来週は、サイバーマンデーで感謝祭後の月曜に小売りが全国的にオンラインで特別なプロモーションやセールを実施する。アドビの発表によると、今年の感謝祭当日の消費支出額は56億ドルと前年同日比5.5%増加、特にオンライン消費の強さが指摘されており、期待したい。高インフレを受けた消費者の動向に慎重な見方も多い中、今年の年末商戦日数が31日と例年に比べて多いことも小売企業を支援するだろう。



来週はまた、10月PCEコアデフレーターや7-9月期国内総生産(GDP)改定値など重要なインフレや経済指標に加えて米連邦準備制度理事会(FRB)が金融政策決定の材料とする地区連銀経済報告(ベージュブック)にも注目だ。結果を受けて、利上げ終了観測が強まれば更なる相場上昇に繋がるだろう。また、来年度のセンチメントが強く、新年度に向けた買いも続き相場を一段と押し上げる可能性もありそうだ。一部金融機関は来年の見通しでS&P500指数が過去最高値を更新するとの楽観的予想を出している。



パウエル議長をはじめFRB高官は、物価が2%目標に達する確信がまだもてないと慎重姿勢を崩していない。期待インフレ率が再び上昇したほか、労働市場も底堅く、依然インフレや金利の行方には不透明性が高い。今週FRBが公表した前回のFOMC議事録では、追加利上げも除外しない姿勢を再表明している。しかし、市場は前回FOMCの結果、最新の消費者物価指数(CPI)や雇用統計の結果を受けて利上げ終了や来年の利下げ観測を依然織り込んでいる。インフレが強固で制御には時間がかかる可能性がくすぶるが、市場の利上げ終了観測や来年の利下げ観測は根強い。FRBがインフレ指標として注視している10月PCEコアデフレーターも伸びの鈍化傾向を再確認する公算だ。エコノミストは前年比+3.5%と、21年4月以降2年半ぶりの低い伸びに改善を予想している。予想通り、インフレ鈍化が確認され、さらに、FRBが公表するベージュブックでも景気減速が証明された場合、利上げ終了期待がさらに強まり、相場を一段と押し上げるだろう。

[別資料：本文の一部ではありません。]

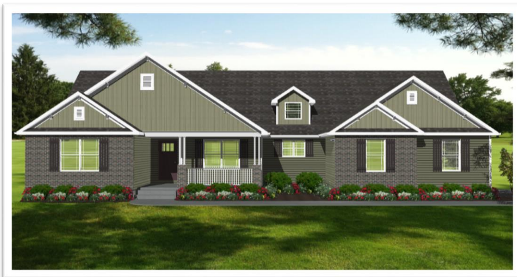
The Maple Elevation

Visit our website or call us today to speak with a sales person. Toll Free: 1-877-358-9199 www.sedgewickhomes.com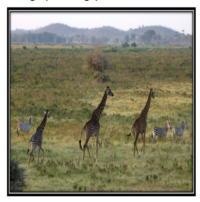
Wildlife Friendly is on the cutting edge of what motivates shoppers to spend money.

Catalogs are always looking for the next new big thing to keep ahead of their competition. And green products are the next new big thing so wildlife friendly and other related products are on the cutting edge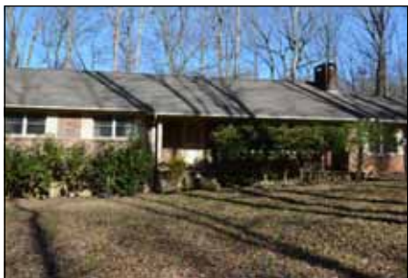
MLS 1995053 - 114 Maxon Ln., Sewanee. $399,000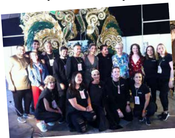
Figure out what you want to do with your life

This is one of the main reasons and one of the biggest benefits of Erasmus exchange program. It is proven that an exchange program boosts your CV and helps you stand out in the job market. About 64% of employers consider an international experience to be important for recruitment. Furthermore, an exchange program will provide you soft skills like adaptability, taking initiative and proactivity, which are crucial for future jobs.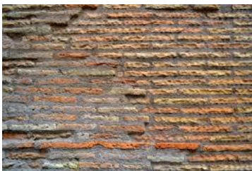
Bricks and Cement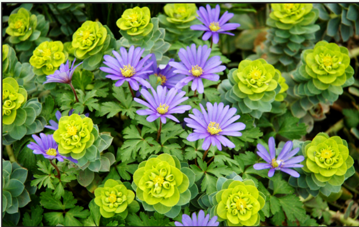
A combination of Euphorbia myrsinites and Anemone blanda work well in this mini tapestry

As I look out upon my own garden I realize this year has been an easy time for the gardener and garden alike. Plants are flourishing, the past moderate temperatures and generous amounts of precipitation makes the task of gardening rewarding and easy. Bare spots quickly become full of overlapping plants and the garden tapestry melds as if woven on some great loom. I wish I could take full credit for the vision before me but alas the credit belongs to the plants themselves. In 1883, William Robinson, a gardening revolutionary wrote “The various wants of flowers can be best met, and their varied loveliness fully shown, in a variety of positions” In essence, wherever they’ve been placed, the plants beauty would be appreciated for what they are.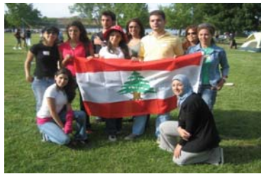
June 03 Annual Lebanese Community Picnic, Pleasanton, CA The proud Lebanese interns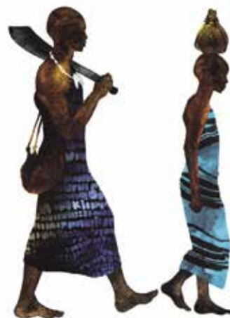
Illustration by Kareem Iliya

In this modern African novel, Chinua Achebe's story follows the lives of people trying to understand which belief systems deserve their loyalty. The protagonist Okonkwo is a tribal leader who battles neighboring villages, the influence of the English, and his own demons in early colonial Nigeria. The perspectives of readers from around the world reveal the novel's universal themes.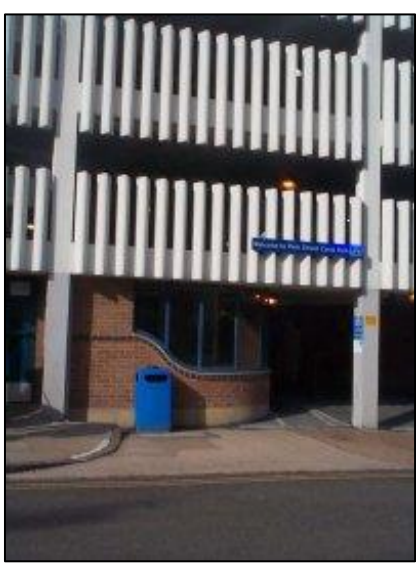
Example Cycle Centre: Park Street Cycle Park Cambridge

Photos: Cambridge Cycle Campaign (Simon Nuttall) <a href="https://www.camcycle.org.uk/resources/cycleparking/parkstreet/">https://www.camcycle.org.uk/resources/cycleparking/parkstreet/</a>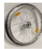
Rear wheel, drum brakes, 36 spokes, cross- wise spokes

来週はまた、ニューヨークタイムズ紙主催の会合で、テスラのマスク最高経営責任者(CEO)、JPモルガンのダイモンCEOなどが講演予定で注目材料になる。



経済指標では、10月新築住宅販売、11月ダラス連銀製造業活動(27日)、9月FHFA住宅価格指数、9月S&P20都市住宅価格指数、11月コンファレンスボード消費者信頼感指数、11月リッチモンド連銀製造業指数(28日)、10月卸売在庫、7-9月期国内総生産(GDP)改定値(29日)、週次新規失業保険申請件数、10月PCEコアデフレーター、11月シカゴPMI、10月中古住宅販売仮契約(30日)、11月製造業PMI、10月建設支出、11月ISM製造業景況指数(12月1日)、などが予定されている。また、FRBは29日にベージュブックを公表する。



主要企業決算では、ハイテク関連でサイバーセキュリティ製品・サービス会社のクラウドストライク、ソフトウエアメーカーのスプランクやインテュイット、クラウドアプリケーションを手掛けるワークデイ(28日)、クラウド型ソフトウエア会社のセールスフォース、ソフトウエアメーカーのスノーフレーク(29日)、コンピューターメーカーのデル・テクノロジーズ(30日)、小売り関連では、ディスカウント小売りのダラー・ツリー、ペット関連の健康サービスを提供するぺトコ・ヘルス・アンド・ウェルス、カルバンクラインやトミー・ヒルフィガーブランドを運営するPVH、食品加工メーカーのホーメルフーズ、靴販売会社のフット・ロッカー(29日)、スーパーマーケット運営のクローガー、ディスカウント小売りのビッグロッツ、化粧品小売りのアルタ・ビューティー(30日)、また、地銀のファーストリパブリック(29日)、などが予定されている。



スーパーマーケット運営のクローガーでは高インフレの影響を受け、慎重な消費動向で売り上げ減に警戒だ。